(What needs to be done) Return only the lines of the data below from the line with "Like other games" up to and including the line with "В комплекте: тумба, раковина, зеркальный", exactly as written, with the pictures omitted.

(Source records)
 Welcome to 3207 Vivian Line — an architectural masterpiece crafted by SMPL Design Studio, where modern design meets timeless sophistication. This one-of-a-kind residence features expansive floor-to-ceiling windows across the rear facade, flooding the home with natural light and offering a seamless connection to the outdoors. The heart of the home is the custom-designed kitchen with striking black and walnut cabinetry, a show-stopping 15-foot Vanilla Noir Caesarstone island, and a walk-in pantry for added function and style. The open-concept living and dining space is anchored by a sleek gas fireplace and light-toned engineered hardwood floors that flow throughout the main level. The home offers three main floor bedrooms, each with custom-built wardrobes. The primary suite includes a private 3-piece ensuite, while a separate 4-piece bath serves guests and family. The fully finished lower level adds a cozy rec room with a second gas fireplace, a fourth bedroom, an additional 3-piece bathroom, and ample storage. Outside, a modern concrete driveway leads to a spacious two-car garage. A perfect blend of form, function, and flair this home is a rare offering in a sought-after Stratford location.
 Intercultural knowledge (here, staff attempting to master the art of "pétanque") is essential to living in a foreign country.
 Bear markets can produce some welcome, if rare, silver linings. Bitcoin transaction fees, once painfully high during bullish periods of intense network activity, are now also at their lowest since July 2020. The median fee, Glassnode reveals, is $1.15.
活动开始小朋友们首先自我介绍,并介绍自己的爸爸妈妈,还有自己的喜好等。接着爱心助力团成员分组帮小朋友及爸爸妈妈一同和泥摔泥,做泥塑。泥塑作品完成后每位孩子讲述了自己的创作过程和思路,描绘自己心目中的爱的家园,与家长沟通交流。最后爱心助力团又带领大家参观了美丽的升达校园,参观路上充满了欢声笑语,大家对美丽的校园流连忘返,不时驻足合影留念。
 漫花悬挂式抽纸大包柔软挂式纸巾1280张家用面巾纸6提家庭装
==
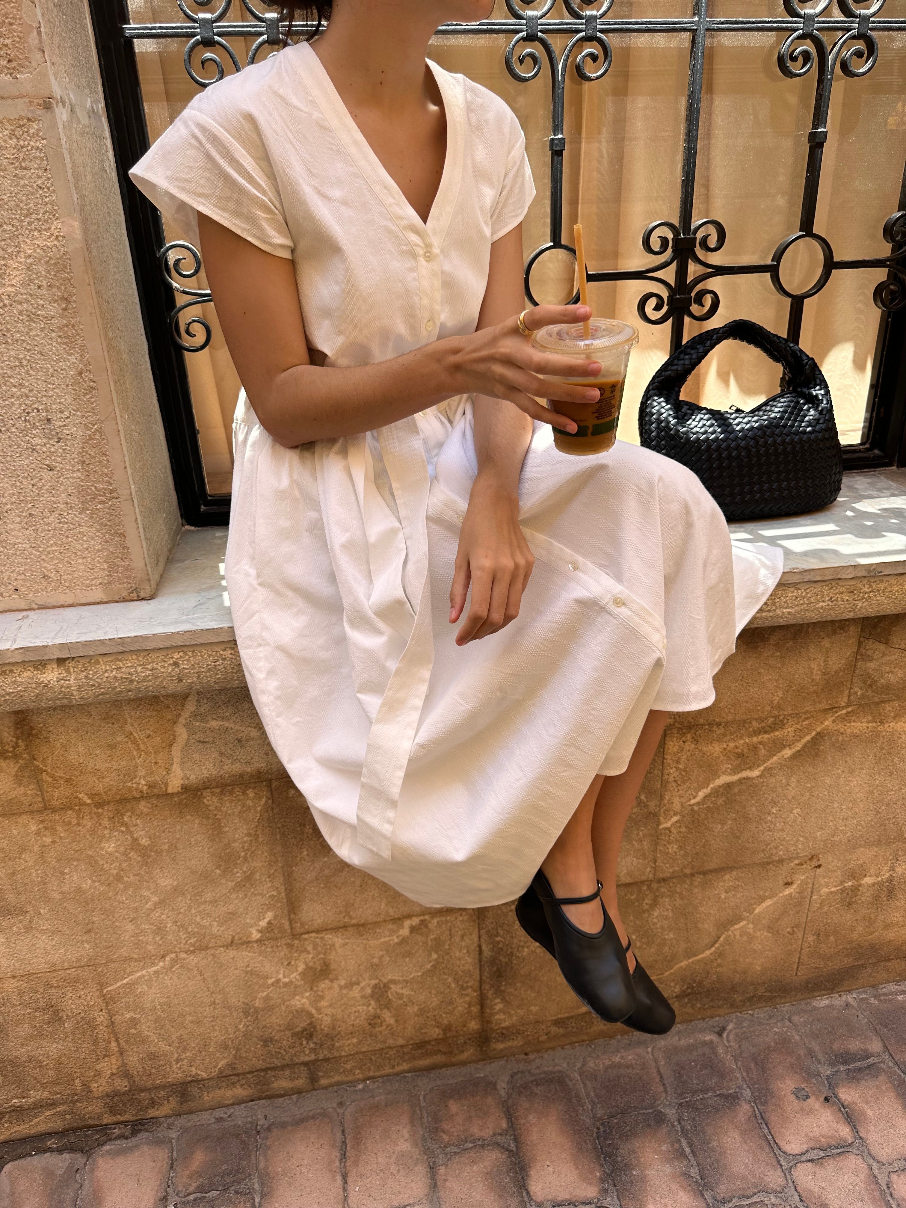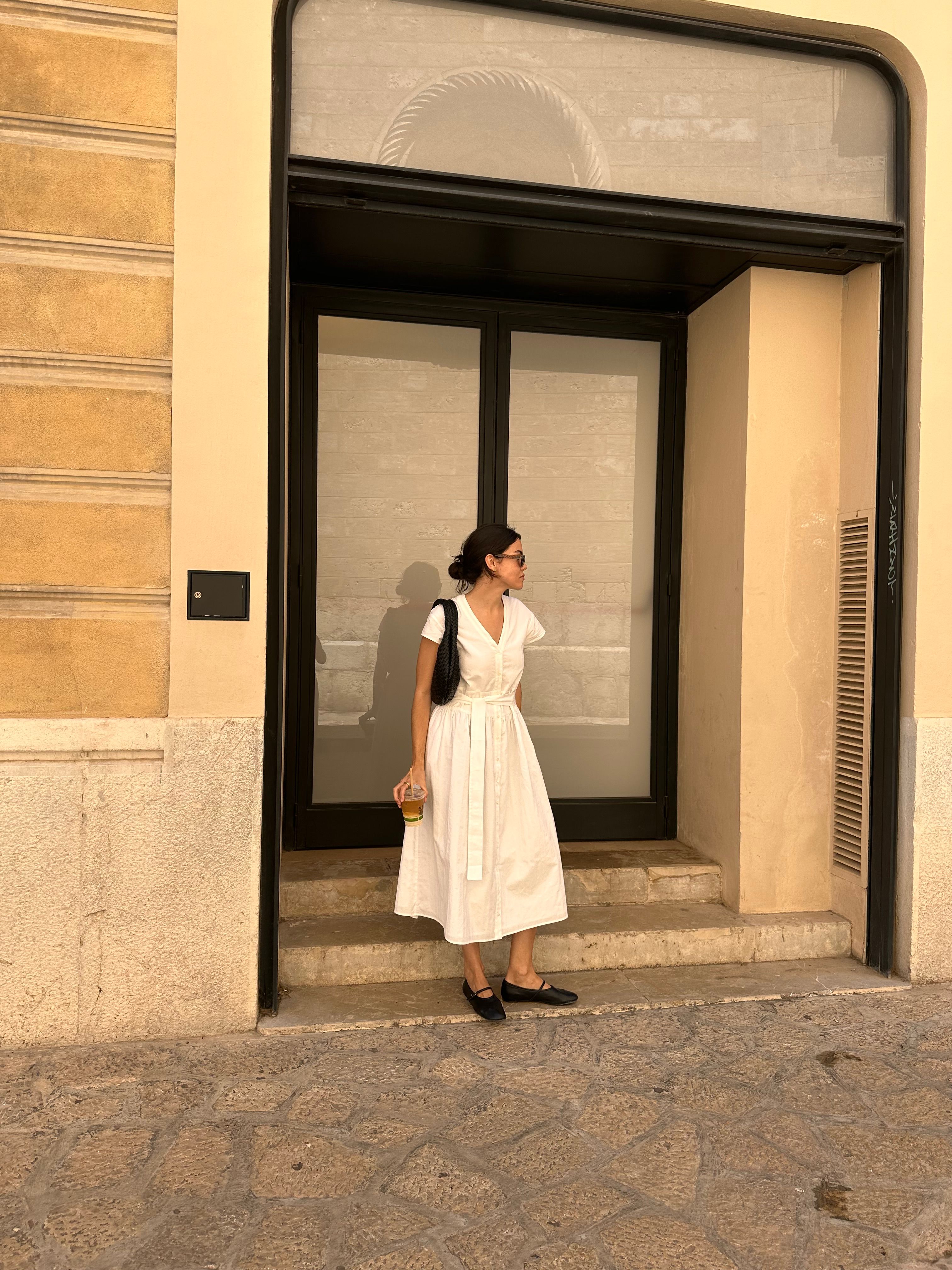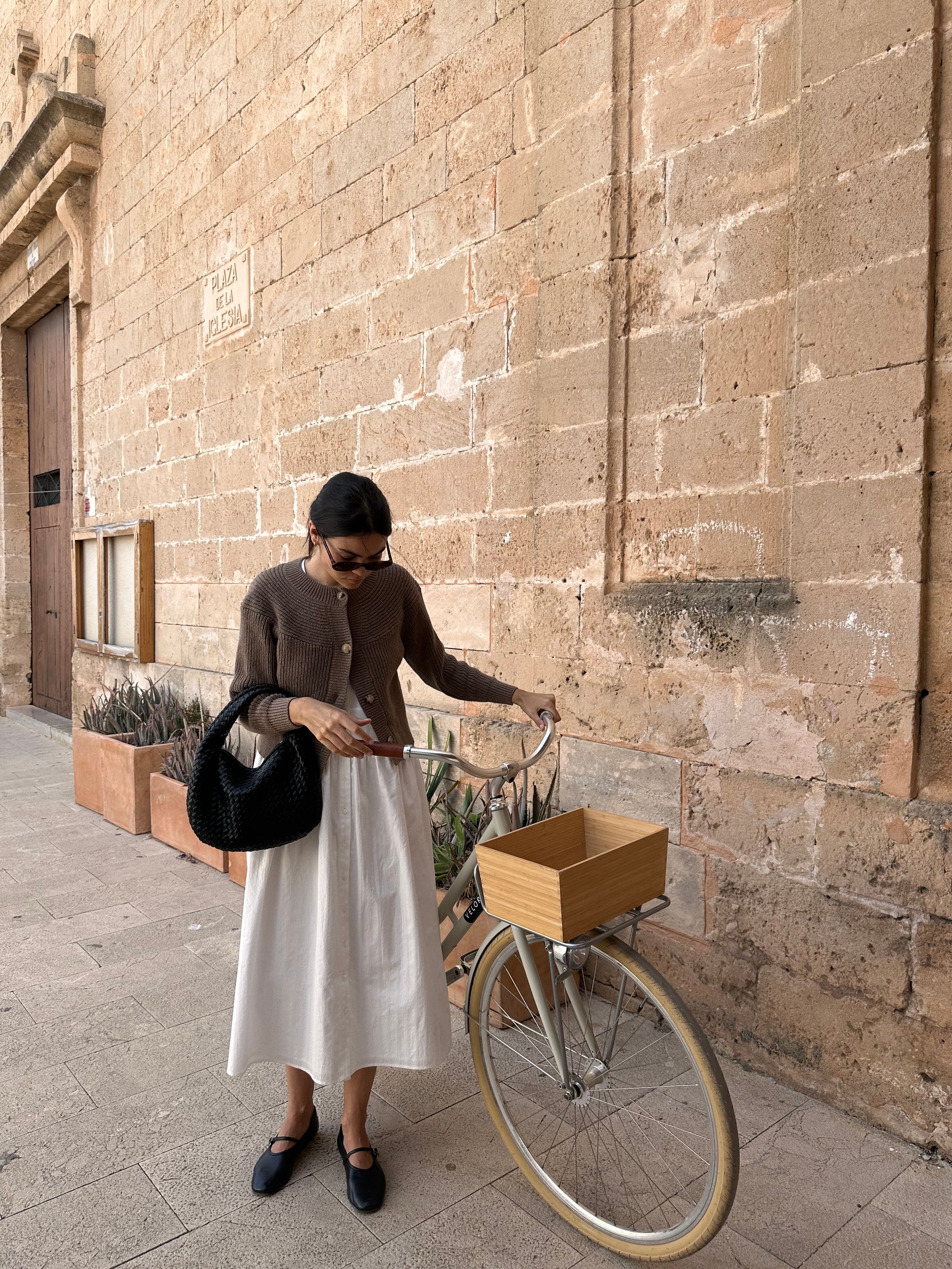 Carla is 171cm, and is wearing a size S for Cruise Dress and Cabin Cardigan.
--
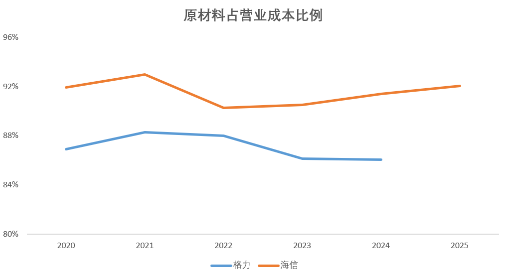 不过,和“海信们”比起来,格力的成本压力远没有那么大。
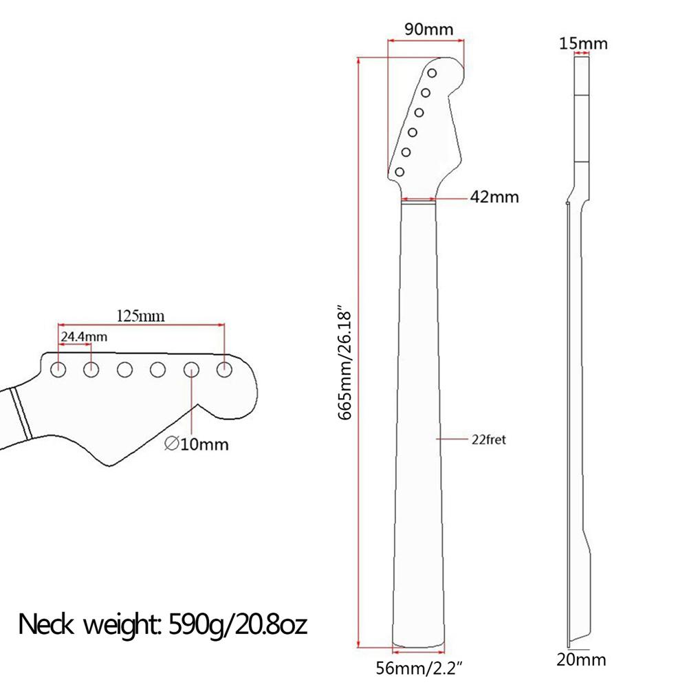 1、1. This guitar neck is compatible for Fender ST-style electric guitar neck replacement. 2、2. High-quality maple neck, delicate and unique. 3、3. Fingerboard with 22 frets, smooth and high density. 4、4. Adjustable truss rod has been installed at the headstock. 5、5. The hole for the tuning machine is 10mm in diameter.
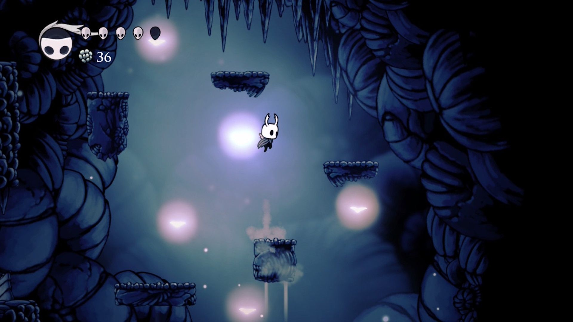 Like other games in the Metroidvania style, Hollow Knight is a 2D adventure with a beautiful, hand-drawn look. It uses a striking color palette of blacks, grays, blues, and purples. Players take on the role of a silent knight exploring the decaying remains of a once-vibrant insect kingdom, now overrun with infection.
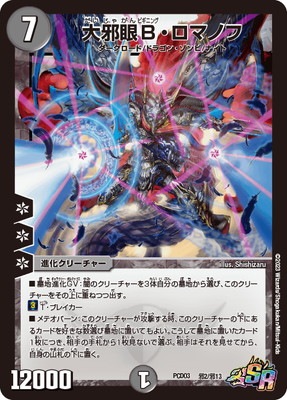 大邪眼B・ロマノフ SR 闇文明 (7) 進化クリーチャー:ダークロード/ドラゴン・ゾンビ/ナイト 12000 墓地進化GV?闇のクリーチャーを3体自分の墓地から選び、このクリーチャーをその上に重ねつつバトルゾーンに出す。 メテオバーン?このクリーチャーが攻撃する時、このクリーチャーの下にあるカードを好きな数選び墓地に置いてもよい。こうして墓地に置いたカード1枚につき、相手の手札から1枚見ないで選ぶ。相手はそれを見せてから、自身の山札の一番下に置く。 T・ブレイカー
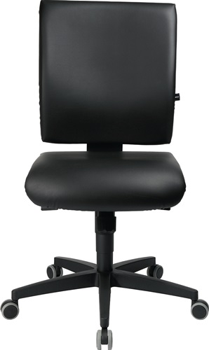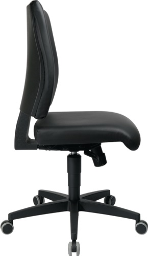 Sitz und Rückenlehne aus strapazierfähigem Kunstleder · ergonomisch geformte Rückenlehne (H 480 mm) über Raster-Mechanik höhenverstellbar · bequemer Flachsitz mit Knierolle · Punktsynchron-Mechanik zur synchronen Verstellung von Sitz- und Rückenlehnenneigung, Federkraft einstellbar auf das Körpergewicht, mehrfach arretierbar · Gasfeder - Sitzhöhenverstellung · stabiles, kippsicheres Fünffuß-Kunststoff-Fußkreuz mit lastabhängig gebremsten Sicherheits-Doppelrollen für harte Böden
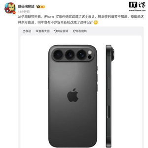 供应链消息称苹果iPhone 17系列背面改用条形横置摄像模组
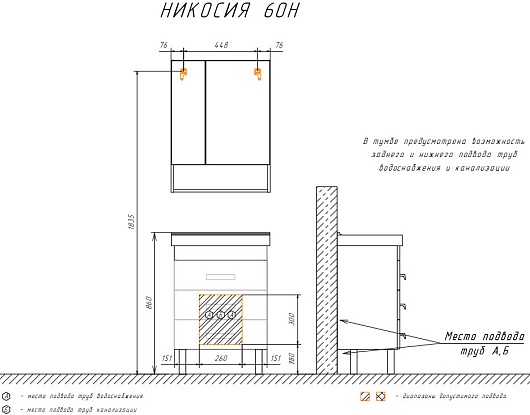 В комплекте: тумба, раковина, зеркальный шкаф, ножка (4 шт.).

(Task answer)
 Like other games in the Metroidvania style, Hollow Knight is a 2D adventure with a beautiful, hand-drawn look. It uses a striking color palette of blacks, grays, blues, and purples. Players take on the role of a silent knight exploring the decaying remains of a once-vibrant insect kingdom, now overrun with infection.
 大邪眼B・ロマノフ SR 闇文明 (7) 進化クリーチャー:ダークロード/ドラゴン・ゾンビ/ナイト 12000 墓地進化GV?闇のクリーチャーを3体自分の墓地から選び、このクリーチャーをその上に重ねつつバトルゾーンに出す。 メテオバーン?このクリーチャーが攻撃する時、このクリーチャーの下にあるカードを好きな数選び墓地に置いてもよい。こうして墓地に置いたカード1枚につき、相手の手札から1枚見ないで選ぶ。相手はそれを見せてから、自身の山札の一番下に置く。 T・ブレイカー
 Sitz und Rückenlehne aus strapazierfähigem Kunstleder · ergonomisch geformte Rückenlehne (H 480 mm) über Raster-Mechanik höhenverstellbar · bequemer Flachsitz mit Knierolle · Punktsynchron-Mechanik zur synchronen Verstellung von Sitz- und Rückenlehnenneigung, Federkraft einstellbar auf das Körpergewicht, mehrfach arretierbar · Gasfeder - Sitzhöhenverstellung · stabiles, kippsicheres Fünffuß-Kunststoff-Fußkreuz mit lastabhängig gebremsten Sicherheits-Doppelrollen für harte Böden
 供应链消息称苹果iPhone 17系列背面改用条形横置摄像模组
 В комплекте: тумба, раковина, зеркальный шкаф, ножка (4 шт.).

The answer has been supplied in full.